By some estimates, 400,000 migrants cross through Mexico each year on a risky northward trek that has grown more perilous as armed drug gangs increasingly target migrants, often in order to demand money from relatives in Central America or the United States.

Wouldn't it make sense to hire these gangs to remove the illegals from the US?
 
What's the Mexican word fer gettin' Shang-haied?...
:confused:
Rescued Migrants Allege Mexican Agents Pulled Them from Bus, Turned Them Over to Gangs
Thursday, May 12, 2011 - A group of Central American migrants recently rescued from kidnappers in northern Mexico has accused immigration agents of pulling them from a bus and handing them over to criminal gangs, public defenders said Monday.
The federal government said at least six agents from the National Institute for Migration had been arrested in the case. The Central Americans were among 120 migrants from various countries who were freed by Mexicans soldiers in several raids over the past month in the northern state of Tamaulipas. The migrants picked out the immigration officials from photographs shown to them by federal investigators, said Alejandro Roldan Velasquez, the director of the Federal Institute of Public Defenders, which is representing the migrants. “These people identified some agents as accomplices of the crime,” Roldan told The Associated Press. “They were shown photographs of immigration agents and they identified them.”

The public defenders institute has been advising all 120 migrants under a new anti-kidnapping law that took effect in February, requiring that all kidnapping victims be provided with free legal assistance. The migrants — 81 Mexicans, 33 Central Americans and six Chinese nationals presumably trying to reach the United States — were being held hostage at different houses in northern Tamaulipas, which borders Texas. In a statement last month, the federal government announced the arrest of six immigration agents in Tamaulipas for “federal crimes.” Alejandro Poire, the government spokesman for security issues, confirmed at a news conference Monday that those agents were arrested in the case of the kidnapped migrants, although he provided no details on their alleged role. “We must emphasize that there will be zero tolerance of anyone who calls themselves a civil servant and breaks the law or participates in these crimes,” Poire said.

The Mexican Attorney General’s office said in a statement that the six detained agents are suspected of kidnapping at least four migrants. Federal security forces last month also discovered 40 clandestine graves in Tamaulipas containing 183 bodies. Investigators suspect many of the victims were pulled from buses by the Zetas drug gang, which has been kidnapping both Mexicans and foreign migrants to demand extortion money or forcibly recruit them. Several Tamaulipas municipal police officers have been arrested for allegedly playing a role in the mass killings. Poire said investigators would determine if any immigration agents were also involved.
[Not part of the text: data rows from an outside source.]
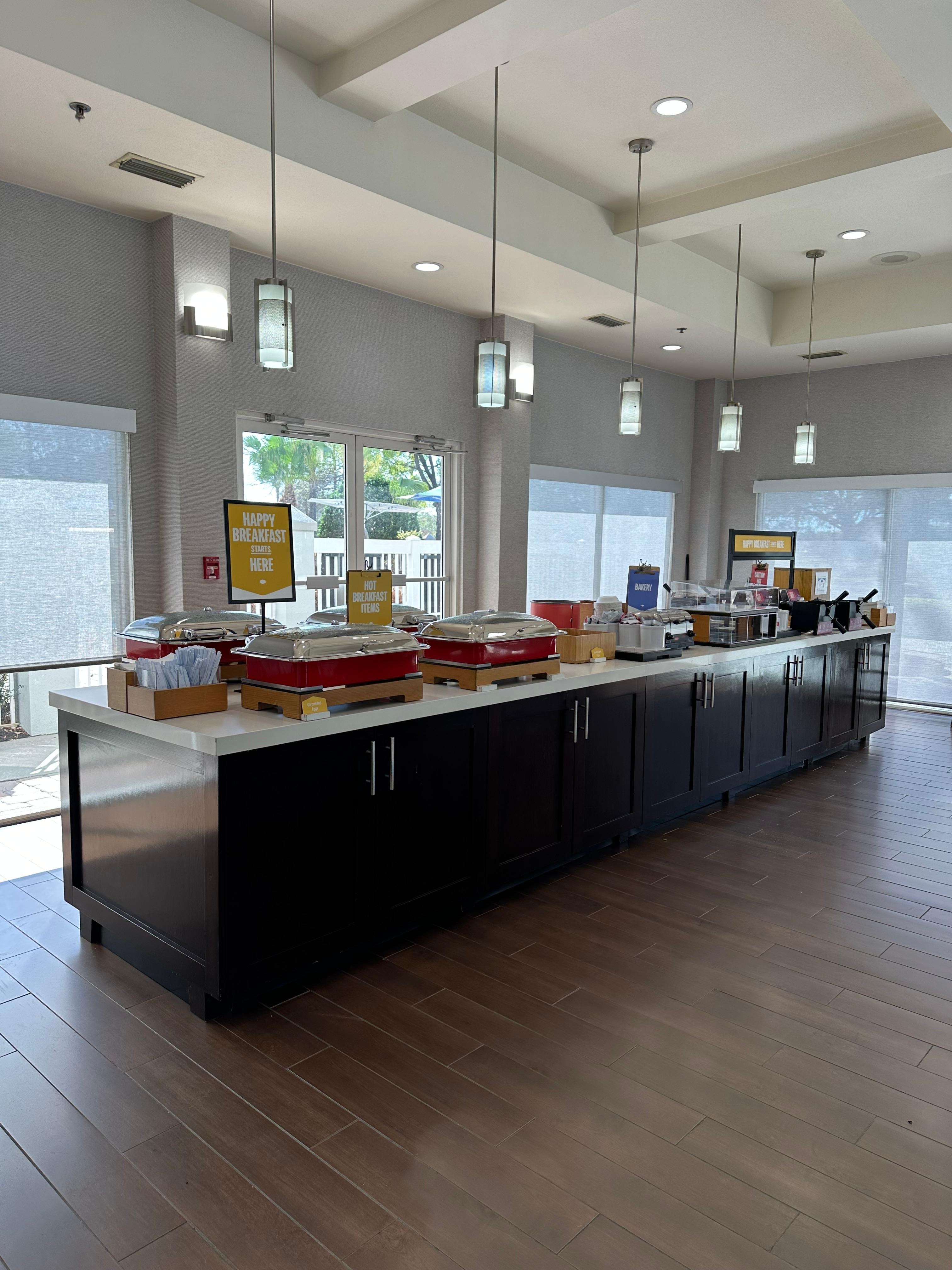 Excellent stay at this hotel! Rooms are standard but clean. Having an outdoor pool and hot tub was very nice. The breakfast was decent and the all day coffee/tea was appreciated. The location of this hotel is excellent with a very short drive to many different theme parks, water parks, shopping and restaurants!!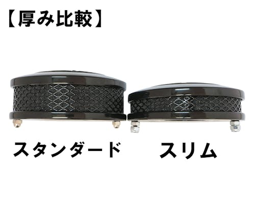 ※厚み比較画像は『ブラック』を使用しておりますが、 当商品は『クローム・スリムタイプ』となります。 ご注文の際はご注意下さい。 純正CVやEFIに取り付ける場合はSU/CV変換アダプターとブリーザーキットを別途ご用意下さい。 |
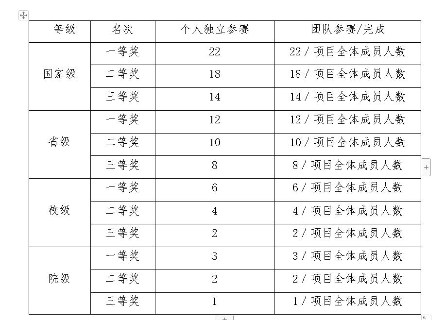 说明:①员工积极参加公司及以上级别的各类竞赛活动可以加分, 每次加 0.4 分,如:体育、文艺、演讲、征文、知识竞赛、数学建模、教师技能大赛等;②获得优秀奖、鼓励奖或参加省级以上比赛未取得名次者,按照下一个等级奖项的三等奖加分。如获得国家级优秀奖的,按照省级三等奖加分,以此类推;③获得院级优秀奖加 0.5(个人)、0.2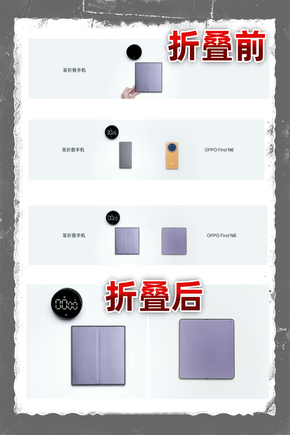 而且发布会上居然还摆出了OPPO Find N6和其他机型的对比——折叠前后差别居然那么大!友商折叠前就已经隐隐约约看到折痕了,折叠后就更明显了,而OPPO Find N6从始至终都没折!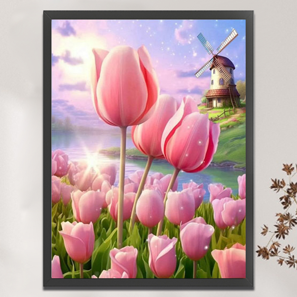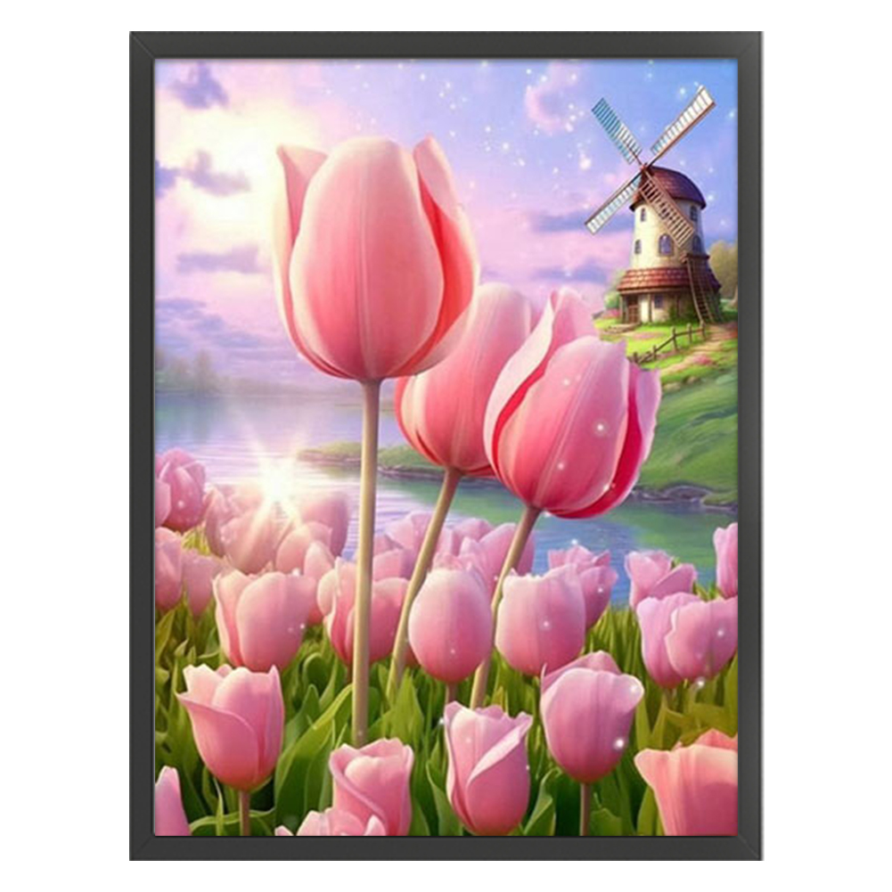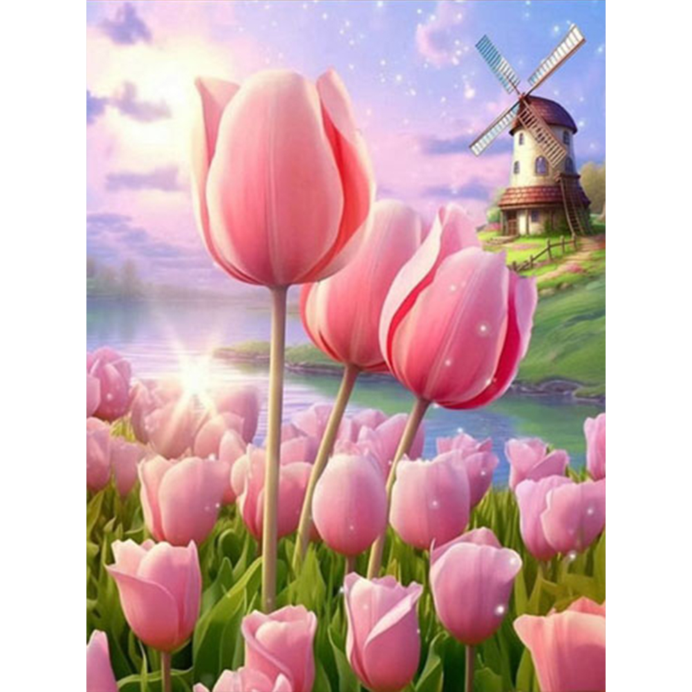 9CT Full Stamped Cross Stitch Bead Embroidery- Tulip(Canvas|44*62CM)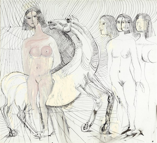Lot 212 | Bruno Cassinari "Figure con cavallo" 1987 china e tempera su tela cm 100x110 Fir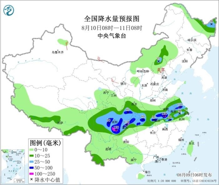 全國(guó)降水量預(yù)報(bào)圖(8月9日08時(shí)-10日08時(shí)) 圖片來(lái)源:中央氣象臺(tái)網(wǎng)站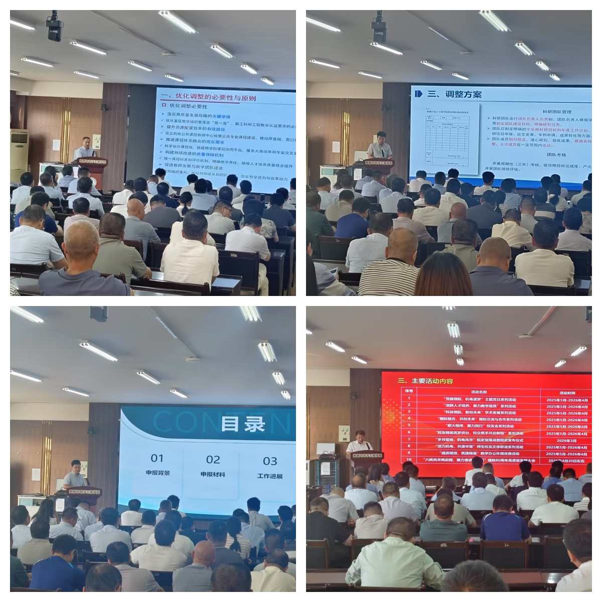 副院长张卫国就学院基层教学组织调整方案作了详细汇报。他指出,面对新工科建设与人工智能深度融合的教育变革,本次优化调整以“专业建设导向、课程体系优化”为原则,构建了“系(机电公共课程教研中心)-课程组”两级管理架构,旨在提升资源配置效率,推动课程间的协同与交叉融合,强化专业内涵建设,进一步打通人才培养“神经末梢”,激发基层教学活力,为实现“厚基础、宽口径、强能力”的高素质人才培养目标提供坚实制度保障。

Roldan would not say how many agents were identified by the migrants. He also declined to say how many migrants accused agents of involvement, saying he could not provide more details about an investigation that is still in progress.

Officials from the National Institute for Migration and the Attorney General’s Office declined to comment, saying they were preparing a joint statement. The public defenders institute said in its statement that the migrants who identified the immigration officers were all Central Americans. They are being held at secret locations under custody of the Attorney General’s Office because it was too risky to send them to migrant detention centers after they identified the immigration agents, the statement said. Roldan said at least four of the rescued migrants had been repatriated to Central America at their own request. Others are seeking humanitarian visas that would allow them to stay in Mexico.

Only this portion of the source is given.